A cold and very wet fall has negatively impacted crop yields among potato farmers. Almost 20% of potatoes were left out in fields due to poor quality. The United States Department of Agriculture is projecting a 6.1% decline in total crops from a year ago, making it one of the lowest crop yields since 2010.

In Manitoba, more than 18% of potato crops remained unharvested, while in Alberta, 6.5% of potato crops were damaged by an early frost. In the food industry, size matters when buying potatoes; buyers are always looking for larger, bigger potatoes, but this year the harvested potatoes were much smaller than usual. Basically, supplies are much lower than usual as we start the winter season in North America. 

But it’s difficult to tell whether retail prices will be affected at all. The truth is that potato prices have already gone up this past year. Potatoes at retail are 20.7% more expensive than just 12 months ago. According to Statistics Canada, a 10-pound bag of potatoes in Canada retails for an average of $9.77, while a year ago it was $8.11. Frozen fried potatoes have gone up 17.1% as well, retailing now at $3.02 for 1 kilo. These increases, the most important increases ever recorded, are difficult to explain. Potato production over the last 5 years in North America has been quite steady. In 2010, when the harvest was even worse than this year’s, retail prices barely moved at all, suggesting that the market was not willing to budge on pricing, despite lower inventories. But the market today is a little different as we crave the product much more.  

Could we start walking away form the potato?

Since 2018, potato retail prices have quietly increased at a dramatic rate, but consumers have not yet been spooked by this – at least, not yet.

If prices do go up, it won’t be because our farmers are raking it in, making more money. Farmers won’t likely get more for their crops as they typically lock themselves into unbending contracts before the growing season even starts. Farmers affected by weather will have crop insurance. Not all of them, but many of them do. Processors may need to pay more since they might be required to purchase inputs from other sources which are normally more expensive. But processors have infinite ways to hedge against abnormal weather patterns and will get the products they need to manufacture the fries and chips we buy at the store or restaurant, one way or another. 

Increases may very well happen in food distribution and retail where demand is quite strong. In 2018, frozen potato sales at retail increased by 7.1% in Canada, and 2019 could be an even better year. Potatoes requiring some preparation time at home have also seen significant sales increases, exceeding 7% in recent years. That may explain why retailers are charging much more for the product. Since 2018, potato retail prices have quietly increased at a dramatic rate, but consumers have not yet been spooked by this – at least, not yet. But consumers could start walking away from the product if they think it’s too expensive. As such, we may see more processors reduce the number of frozen fries you get in a bag, but for the same price. It’s called shrinkflation, getting less for the same price. Skrinkflation has a funny way of keeping products on store shelves without upsetting consumers. 
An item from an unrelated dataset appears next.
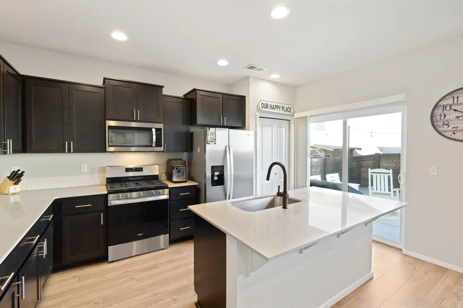 Move in ready and priced to sell! This well maintained home is ready for you and your crew! With 5 bedrooms including one on the main level, there is room for everyone! The stylish kitchen is the heart of the home--complete with a large island, quartz countertops, abundant cabinetry, a pantry, and plenty of space to gather. The open living area is warm and welcoming, with a cozy gas fireplace for those relaxing evenings. Step outside to a landscaped grass backyard with an extended patio, cedar garden boxes with drip irrigation and, in-ground poles for string lights for year round enjoyment! Centrally located and close to everything: under 2 miles to the Old Mill District, 2.5 miles to the upcoming Central Oregon Library (2026), and just 3 miles to downtown Bend. Located in the sought-after Stone Creek neighborhood--featuring Silver Rail Elementary, a private pool, and a 6-acre park.

The rules are different in foodservice, and we shouldn’t expect any price changes. Charging more for a side staple like potatoes is always more challenging for restauranteurs and fast food operators. Potatoes are no steak, fish, or pasta. But you may see some operators revert to the practice of shrinking portion sizes, and charge patrons the same price, as in retail. This is quite easy to do with fries, chips, and smaller baked potatoes. Vigilant consumers will likely notice, but most of us won’t think twice before digging in.  

Canada is only the 18th largest potato producer in the world, but we do take our potatoes seriously. The country won’t run out of potatoes any time soon and they will remain quite affordable for most of us for a very long time. So, keep calm and eat your fries.